Background information
- Birth name: John McTamney
- Born: April 10, 1963 (age 61) Philadelphia, PA, U.S.
- Genres: Rock, art rock, hard rock, power pop, progressive rock, British beat, jazz
- Occupation(s): Musician, singer-songwriter, musical arranger
- Instrument(s): Guitar, vocals, bass guitar, harmonica, mandolin, ukulele,
- Years active: 1984–present

= Jack McTamney =

American singer-songwriter

John "Jack" McTamney (born April 10, 1963) is an American singer, songwriter and performer. Born in the Port Richmond neighborhood of Philadelphia, PA, and the youngest of 6 children, he has a career spanning over two decades, performing both solo and in groups such as the Jack McTamney Band, and The Tonebenders.

==History==
As per the biography provided on Jack's MySpace page

Abandoned as a small child, Jack was adopted by a roving pack of stray dogs who protected and took care of him. Jack and his adopted "family" soon took residence in an unused rusted-out boxcar. Together they dined on fish from the river, rat meat, and the occasional rabbit. After a while, Jack befriended an old railroad brakeman called "Stewbone." Stewbone taught Jack the rhythmic style of guitar that he'd developed as a young man listening to the clickety-clack of the trains rolling to the next stop. One day, Stewbone told Jack, "Boy, I done taught ya everythang... the rest is in ya. Go on an' find it!" Stewbone disappeared soon after this, but suddenly Jack was writing these incredible songs. Now folks come from far and wide to hear Jack play his songs, or to talk about life, or just to taste the "best damn rat burgers west of the Mississippi"! ..Halfway to Nowhere CD..

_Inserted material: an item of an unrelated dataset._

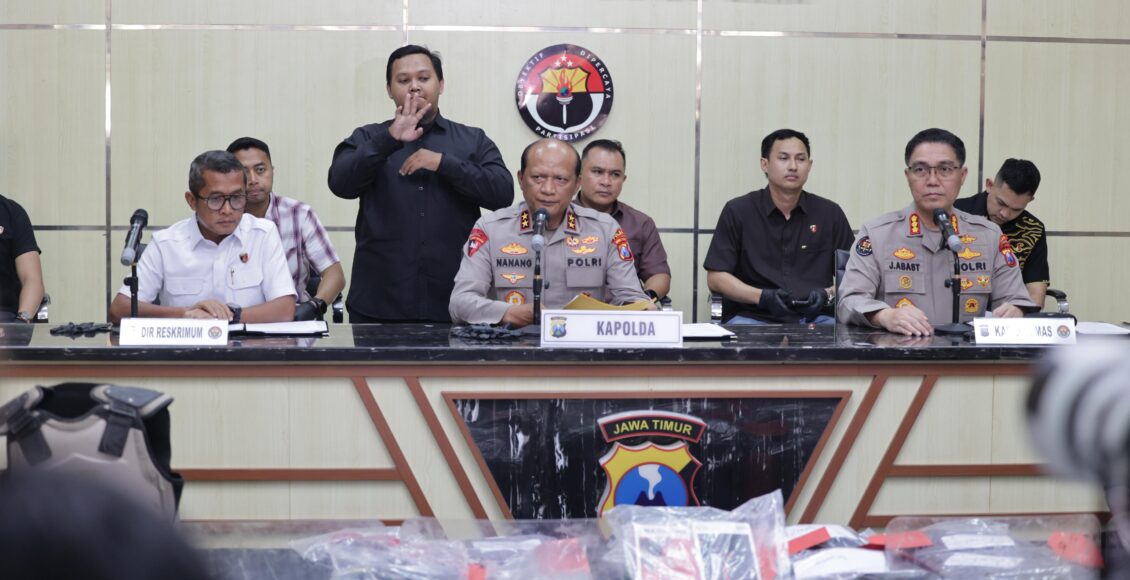 Kapolda Jatim Irjen Pol Drs. Nanang Avianto, M.Si., didampingi Kabid Humas Polda Jatim, Kombes Pol Jules Abraham Abast dan Dirreskrimum Kombes Pol Widi Atmoko, menyampaikan hasil penanganan hukum terkait aksi yang terjadi di wilayah hukum Polda Jawa Timur tersebut.
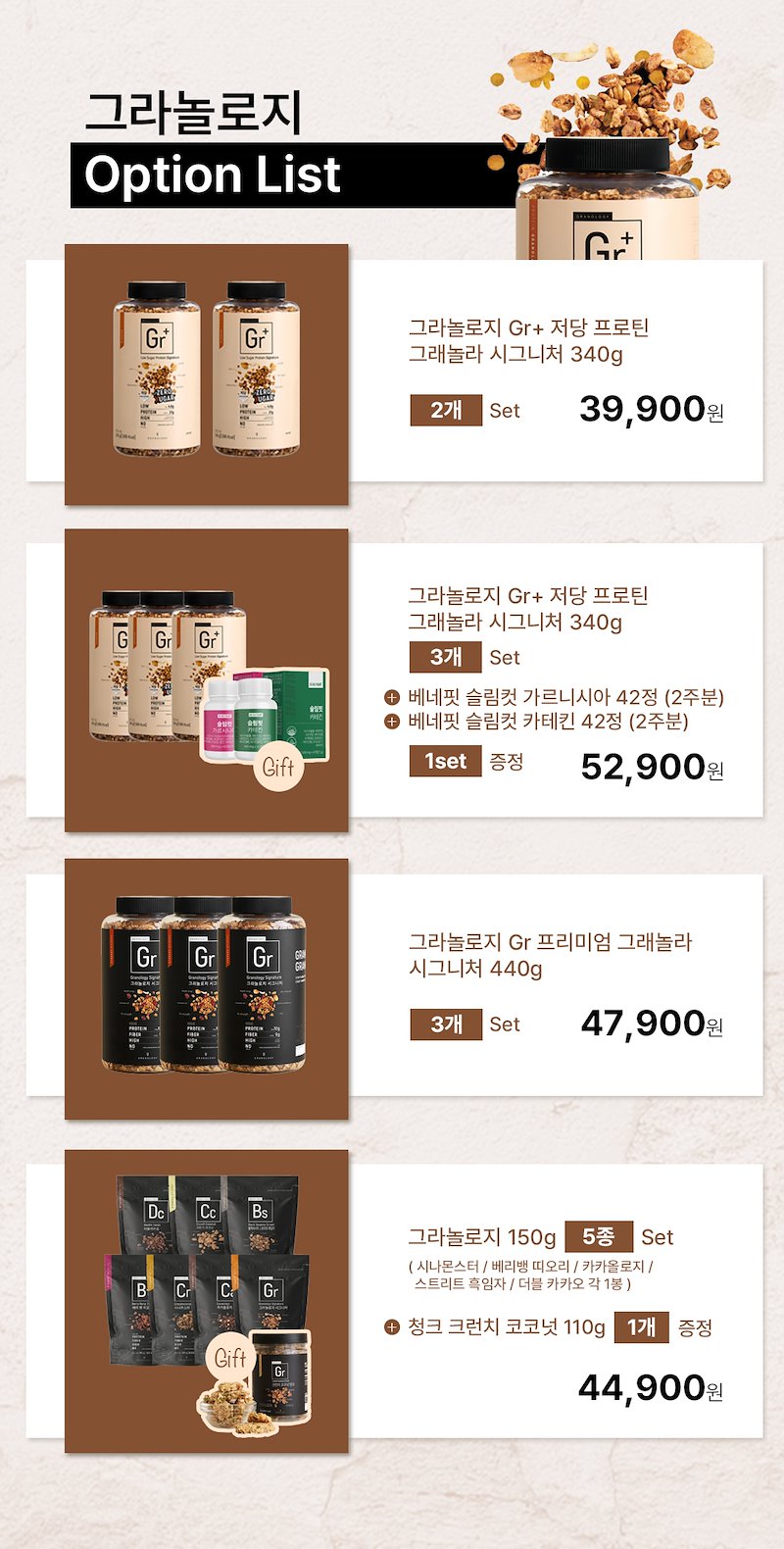 [그라놀로지] [무료배송] 그래놀라 1등 브랜드 / 국내최초!! 수제 비건 프리미엄 저당 프로틴 그래놀라 / 감미료, 착색료, 보존료가 없는 식물성 재료만을 사용한 NO 인공첨가물 / 그런데 너~~무 맛있어요!!

The real Jack McTamney was born to Joseph McTamney and Mary McTamney (née Shields), the youngest of six children (Joseph, Mary Ellen, Francis, Gerard, and Bernadette). His brother Francis (Fran) taught him to play his first chords, and his other siblings, Mary Ellen and Gerard (Jerry), chipped in to buy him his first guitar when he was 15. He attended Northeast Catholic High School, and during that time, became interested in the teachings of Meher Baba, attributing this to his influence by the music of Pete Townshend and The Who.

Cuts from Jack's first album, "Halfway to NowHere" were profiled on the Iain Anderson's Radio Scotland programme on the BBC on March 30, 2011.The Philadelphia alternative newspaper, The Philadelphia City Paper, profiled Jack in its February 2, 2012 issue. This prompted a reunion of the Jack McTamney Band, now playing as Jack McTamney and the Tonebenders, at the Dawson Street Pub on February 3, 2012.

==Band members==
Jack routinely worked with several artists, depending on where and when he was playing.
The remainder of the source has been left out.